Keterwakilan perempuan di parlemen dengan kuota 30% sudah menunjukkan adanya kebebasan dan hak-hak formal, ditunjukkan dalam Undang-Undang No. 10 Tahun 2008. Artinya demokrasi sudah menyentuh untuk kaum perempuan yang ingin masuk dalam kursi parlemen. Perjuangan perempuan juga mengalami hambatan seperti partai lebih condong mengajukan calon laki-laki, metode penghitungan suara terbuka, masyarakat yang masih berpendirian perempuan hendaknya mengurus rumah tangga atau hanya mencari tambahan nafkah, bukan masuk dalam dunia politik, metode terbuka membuat bersaing dengan laki-laki dalam meyakinkan perempuan untuk dipilih.

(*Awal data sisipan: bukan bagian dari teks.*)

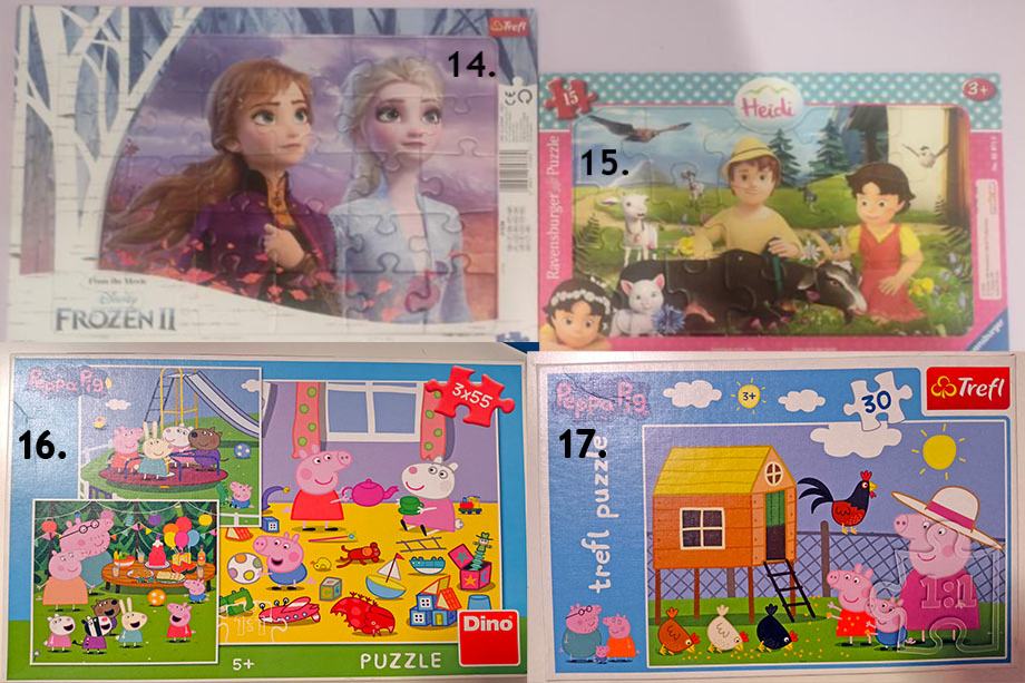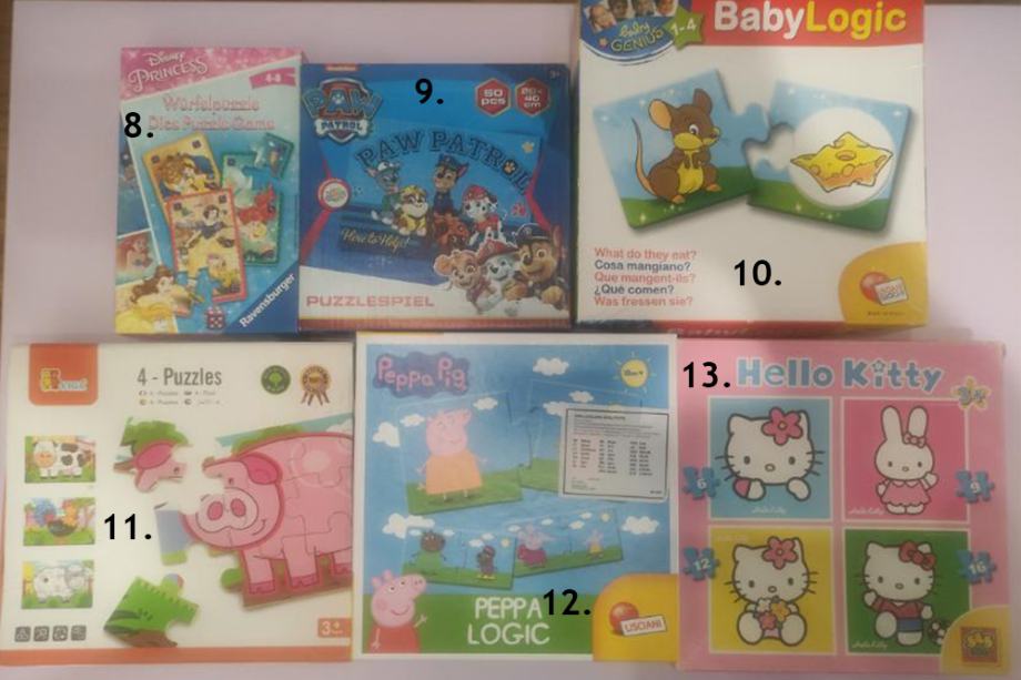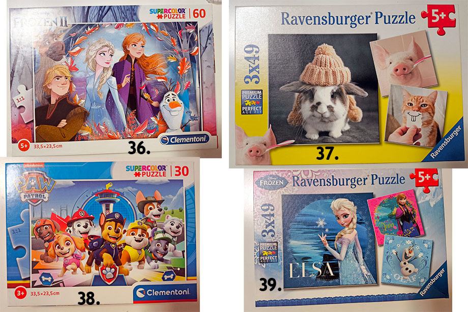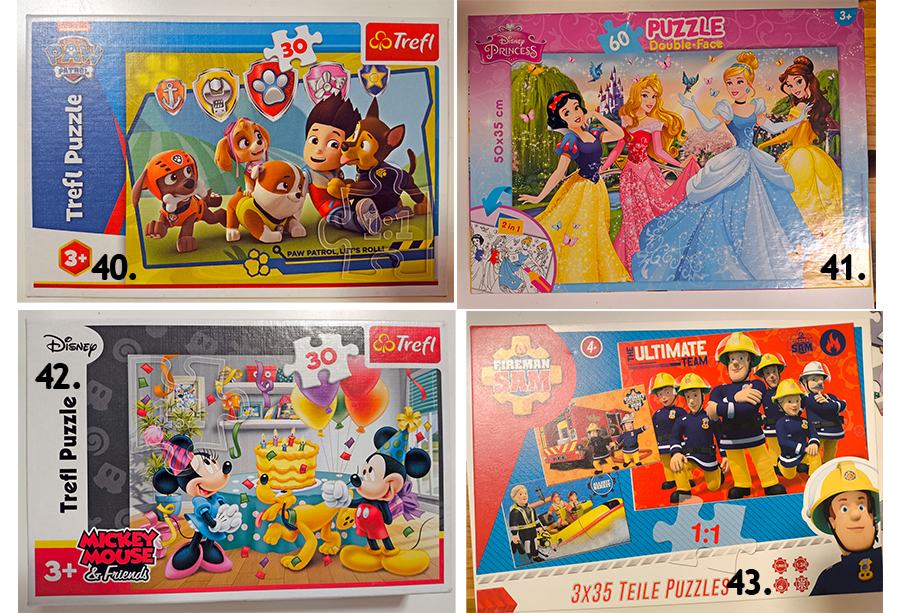 Prodam sledeče puzzle, ali menjam za naslednjo starostno skupino od 5-10let, TAČKE, DISNEY, MICKEY, FROZEN, PEPPA, TOP WING, GASILEC SAMO, HELLO KITTY, PRINCESKE...:
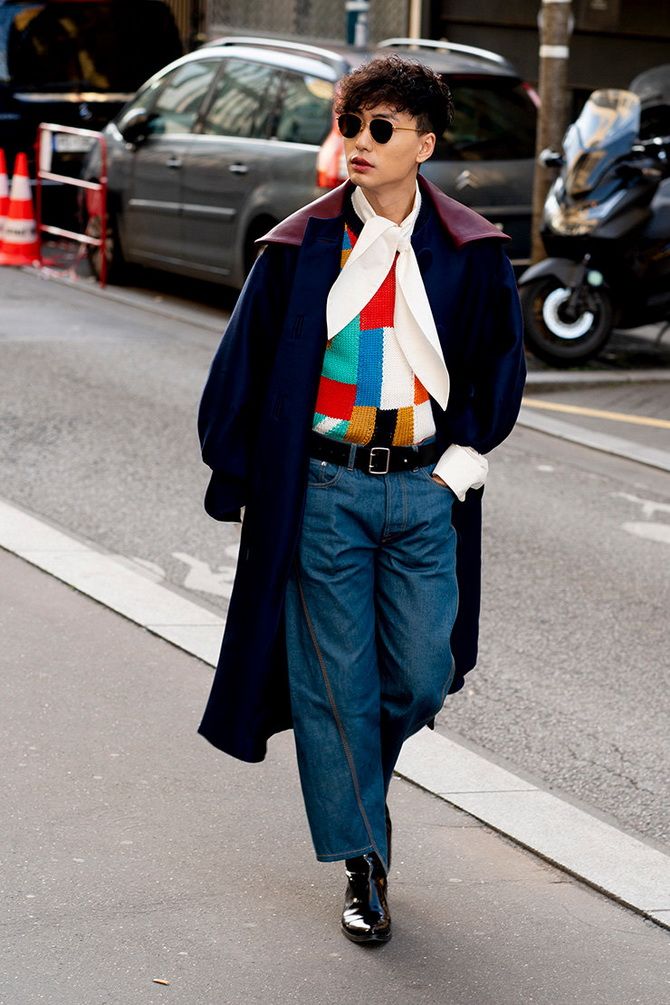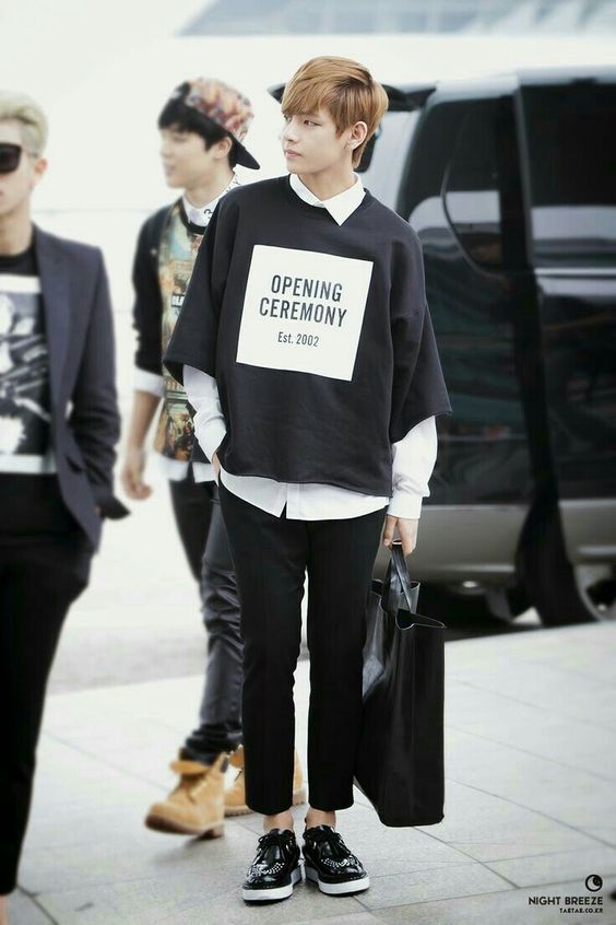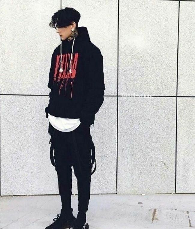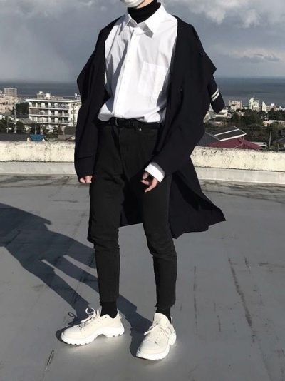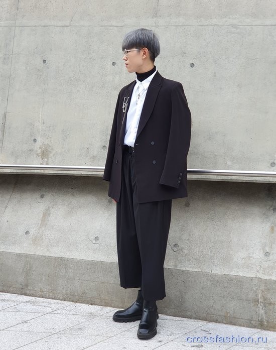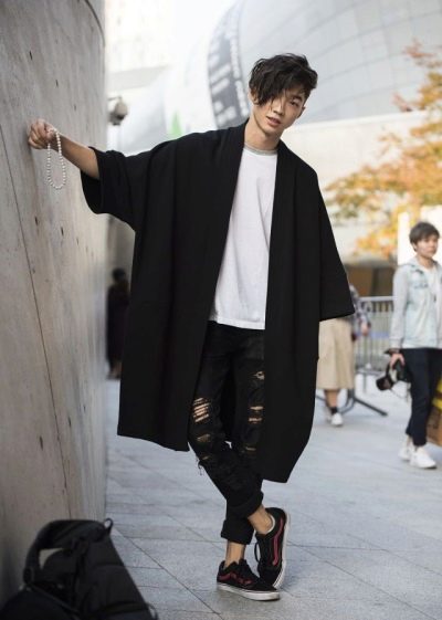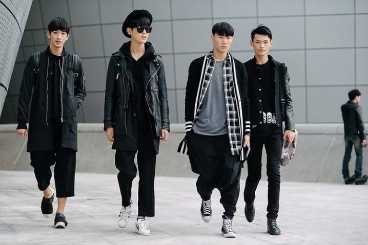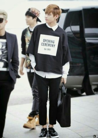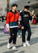 - Éclectisme... Les Coréens combinent très habilement des choses liées à différents styles: des costumes classiques sont mélangés avec des baskets, un long manteau avec un jean déchiré, un t-shirt avec un imprimé de bande dessinée est enfilé sous une veste stricte.
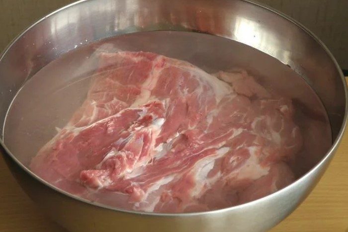 Промойте свинину и нарежьте ее на мелкие куски, чтобы ускорить процесс. Налейте в миску охлажденную воду, подсолите, добавьте по 5 ст.л. уксуса 9% на каждый литр жидкости и окуните продукт. Вымачивайте мясо в течение суток, заменяя раствор на новый каждые 5-6 часов. Крупную часть туши придется держать в жидкости дольше.
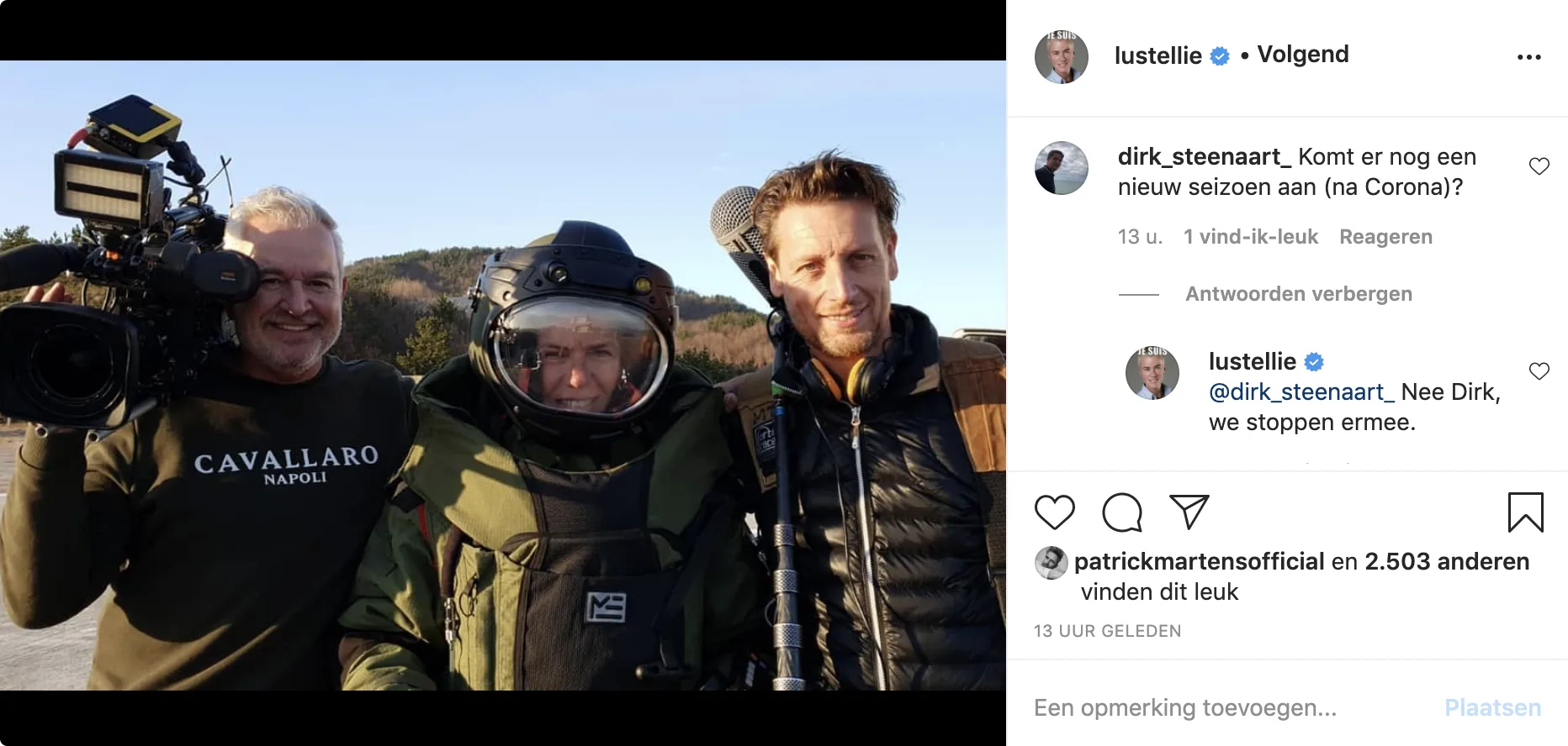 Het nieuws deelt ze op haar eigen social media. Zo vraagt een volger aan haar bij onderstaande foto: "Komt er nog een nieuw seizoen (Ellie op Patrouille, red.) aan (na corona)?", waarop Ellie antwoordt met: "Nee Dirk, we stoppen ermee." In Ellie op Patrouille loopt de presentatrice mee met verschillende politieteams van over de hele wereld. Ze wordt gehuld in bijpassend uniform en geeft de kijker een uniek kijkje van een buitenlands korps. Het derde en laatste seizoen was afgelopen voorjaar te zien op NPO1.

Dengan demikian, perjuangan perempuan dalam upaya menegakkan kesetaraan gender masih sulit namun sudah menginjak langkah awal. Peningkatan jumlah anggota dewan perempuan dari periode ke periode belum mampu mengentaskan kaumnya dari ketidaksetaraan gender yang dialami. Oleh karena itu, perjuangan perempuan untuk mewujudkan kesetaraan gender tidak dapat dilakukan oleh kaum perempuan sendiri, perjuangan tersebut juga memerlukan upaya yang sistematis, terprogram, dan berkesinambungan pada semua sisi pembangunan. Disamping itu, perjuangan tersebut juga memerlukan komitmen bersama dari para pengambil keputusan, tokoh masyarakat, tokoh agama, tokoh adat, LSM, kaum cendekiawan, beserta seluruh elemen masyarakat .


Sumber :
Ramsey, Andy dan La Bakry, 2009, Politik dan Pemerintahan Indonesa. Masyarakat Ilmu Pemerintahan Indonesia, Jakarta.